Article from category: Reviews
Theatre review: The Great Gatsby
Graham Cleverley reviewsTour de Force Theatre Company's take onThe Great Gatsby which was performed at the Salle Robert Krieps.
“Uh-oh!” one felt on reading that the Tour de Force company, in collaboration with the American Dramatic Group Europe were presenting an adaptation of “The Great Gatsby” at the Abbaye de Neumünster . Not that the ADGE/TDF are anything but a competently professional troupe who have entertained us many times before, but that we might be confronted with yet another attempt to stage something unstageable, with all the consequent flaws, like giving concrete shape to things best imagined, reducing action to speeches describing action and telescoping months if not years into a couple of hours on stage.
So it was a pleasant surprise on Monday night when the five performers kicked things off by immediately close harmonising and dancing their way into the Vo Do Do De Oh Blues as if they’d all been time-shifted from the ‘20s. So much for literary over-obsession.
Blessed with such an unusually talented set of performers, the director Peter Joucla made full use of them throughout the evening, marking each of the eighteen scene changes with different musical numbers, all from the period, and in the process not only providing entertainment and emphasising the setting in Fitzgerald’s Jazz Age, but covering up what scene shifting was required by the minimalist set.

With that out of the way, short scenes and multiple changes become less distracting, and the resultant configuration of the piece fits the shape of the original more accurately than some more conventional structure would, giving stage reconstruction some of the advantages of film. Take eighteen significant episodes from most novels, and you pretty well present the characters and sum up the story.

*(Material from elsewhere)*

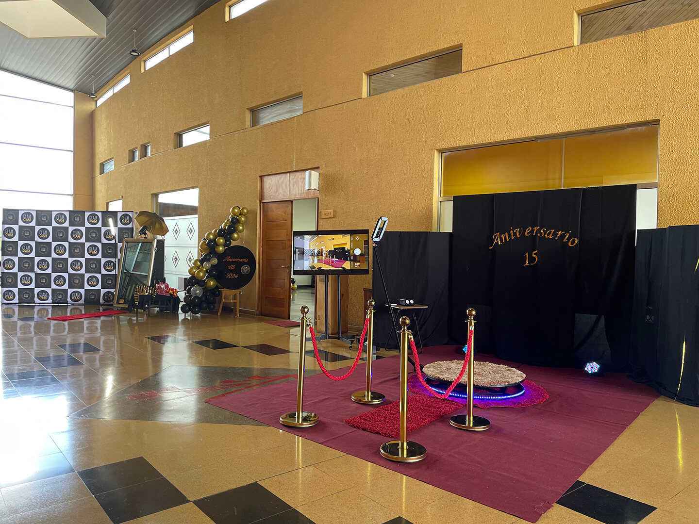 Espacio llamativo con música e iluminación, para tomarse fotos divertidas y personalizadas.

Which all made therefore for a successful production, aided by a cast that acted effectively as well as performing the song-and-dance bits.

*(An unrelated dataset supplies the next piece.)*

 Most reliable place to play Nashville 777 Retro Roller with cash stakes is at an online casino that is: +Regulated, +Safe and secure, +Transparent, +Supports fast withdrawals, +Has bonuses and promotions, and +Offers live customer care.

Just to recap what is probably familiar; the action all takes place in the summer of 1922, where a rich young couple, Tom and Daisy Buchanan (John Berry and Kathryn Duffy) live in what in England would be a stately home on the shore of a bay. On the opposite shore in another palatial home lives a mysterious character with no known background, Jay Gatsby (Andrew John Tait). Telling the story and observing the action is Daisy’s cousin, Nick (Charlie Kerson), who also is Jay’s neighbour and conducts a tentative but abortive affair with Daisy’s friend Jordan, a famous golfer, (Sharlit Deyzac).
Only five performers generally meant doubling up to bring in the minor characters. Only Kerson is blessed with only one role which he seemed to overplay somewhat to start with, settling back into a less extrovert personality as time went on. Sharlit Deyzac as Jordan handled her ambiguity well, and provided us with a believable Myrtle, Tom’s mistress, whose accidental death brings the whole castle tumbling down.
As Gatsby, Tait was thoroughly competent, but it is almost impossible to bring completely to life a fictional figure that has lived so long in the observer’s imagination. Nick describes him in the play as ‘gorgeous’ with a ‘heightened sensitivity to life’, and ‘a kind of romantic readiness I’ve never come across before’: try living up to that.
Wilson, Myrtle’s husband and the deus ex machina of the evening, was less of a challenge to him, and completely successful: And he threw in a butler of one’s dreams.
The problem inherent in Gatsby is also true of the legendarily beautiful Daisy Buchanan, as whom at least one Hollywood figure notoriously flopped. Kathryn Duffy was much better than that as the woman who has ‘been everywhere, seen everything and done everything’. A blonde wig might have fitted the traditional perception better: at least the lack of it avoided stereotyping. Duffy was also a hilarious Lucille McKee, Myrtle’s drunken friend.
John Berry’s Tom was I thought a trifle too continuously loud, though he has to lose his temper often enough, I don’t think he should have given off such a permanent aura of outrage. His minor character Woolfsheim, Jay’s gangster accomplice, was beautifully sleazy and ominous.
I already complemented the director. The women’s costumes were excellent as they needed to be for such a period-embedded piece. The minor men’s costumes also were, but Jay’s and Tom’s in particular were somewhat stiffly formal for action that takes place over a summer in a Long Island resort area. Men’s costumes are not so easily and quickly changed as women’s however. At least not in the theatre.
Gatsby is a tragedy. Essentially it is the same tragedy that exists in general in Fitzgerald’s work, the tragedy of people to whom money is no object, and the problem for them is what does there remain to do; the tragedy of, as Nick says, careless people who smash up things and creatures and then retreat back into their money, and leave other people to clean up after them.
The company here wove a tale that underscored that tragedy. Which I guess is what the adaptation of a book should do. My initial reservations were therefore happily wrong.